Me, I was just curious enough and ornery enough to want to see what would happen when this nester cornered the Piute.
He was a big, sullen brute, the Piute was. Rumor had it he’d killed a half dozen men, and certainly there was several that started out huntin’ him that never showed up until somebody found ’em dead, but there’d never been evidence to prove a thing. He could sling a gun, and when we had the turkey shoot around about Thanksgiving, he used to fetch his guns down, and nine times out of ten, he got himself a turkey—and he used a six-gun. You take a man that moves around over the hills like a ghost, Injun footin’ it over the rocks an’ through the brush, and who shoots like that, and you get an idea why nobody was just too worried about gettin’ him in a corner.
Six miles out I got a glimpse of the nester. The yellow horse was amblin’ along, takin’ it easy in a sort of loose-jointed trot that didn’t look like much but seemed to eat up the country right fast.

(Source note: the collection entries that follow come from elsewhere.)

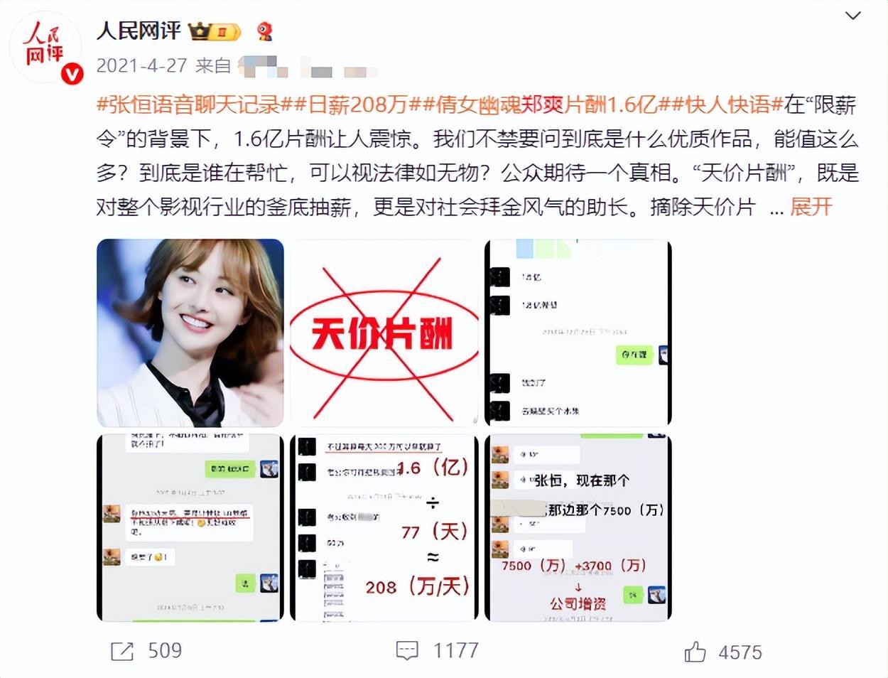 但是直到2021年,郑爽被举报仅拍摄2个多月就获取了高达1亿多的天价片酬。
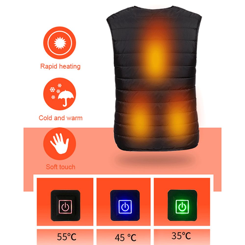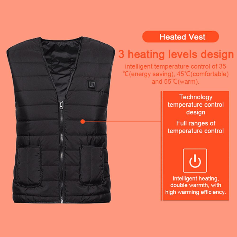 This heated vest selected quality fabric and silk-floss filling, smooth zipper, neatly cut neckline with exquisite sewing, skin-friendly, slim fit, comfortable and beautiful. 3 heating levels design, intelligent temperature control of 35℃(energy saving), 45℃(comfortable) and 55℃(warm). 5 heating zones design, humanized divisions of heating zones for the parts that easy susceptible to cold of the abdomen, waist and back to keep the body warm, help promote bloods circulation, and relieve muscular rigidity.
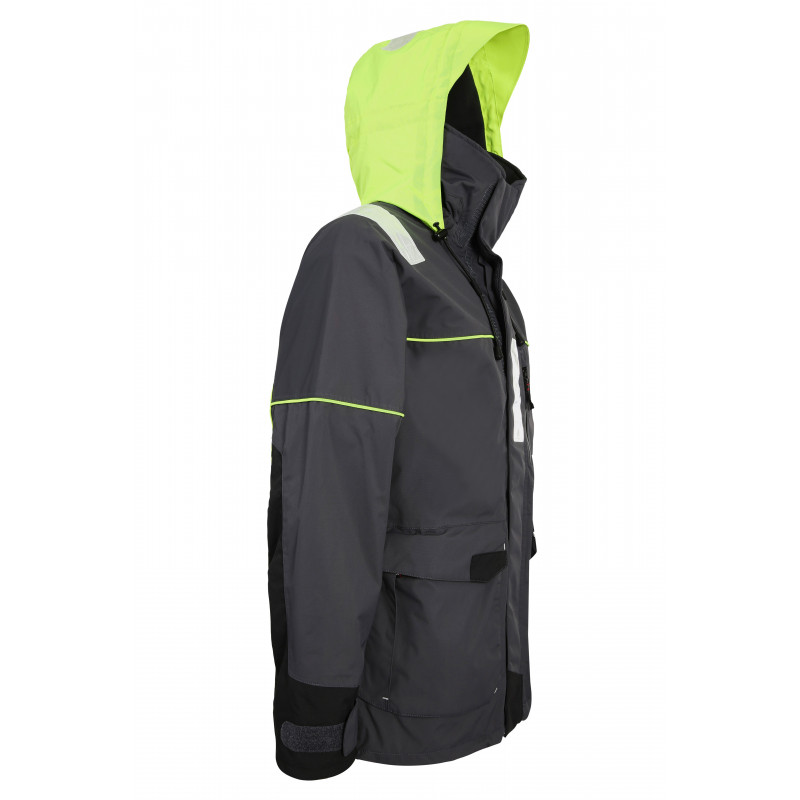 Pour la visibilité par mauvais temps ou navigation nocturne, 3 bandes réfléchissantes ont été installées sur la veste (épaules et sur la poitrine)

The day wore on and I kept to the brush, not knowing how Morley would take it if he knew I was trailin’ him. Then all of a sudden I saw him swing the yellow horse off the trail and drop to the ground. He was there for a minute, and ridin’ closer, I could see he was bendin’ over the body of a man. Then he swung back into the saddle and moseyed off down the trail.
When he went over the next rise I turned my horse down the hill. Even before I rode up, I knew who the dead man was. I could see his horse lying in the cactus off to one side, and only one man in that country rode a bay with a white splash on the shoulder. It was Sheriff Todd.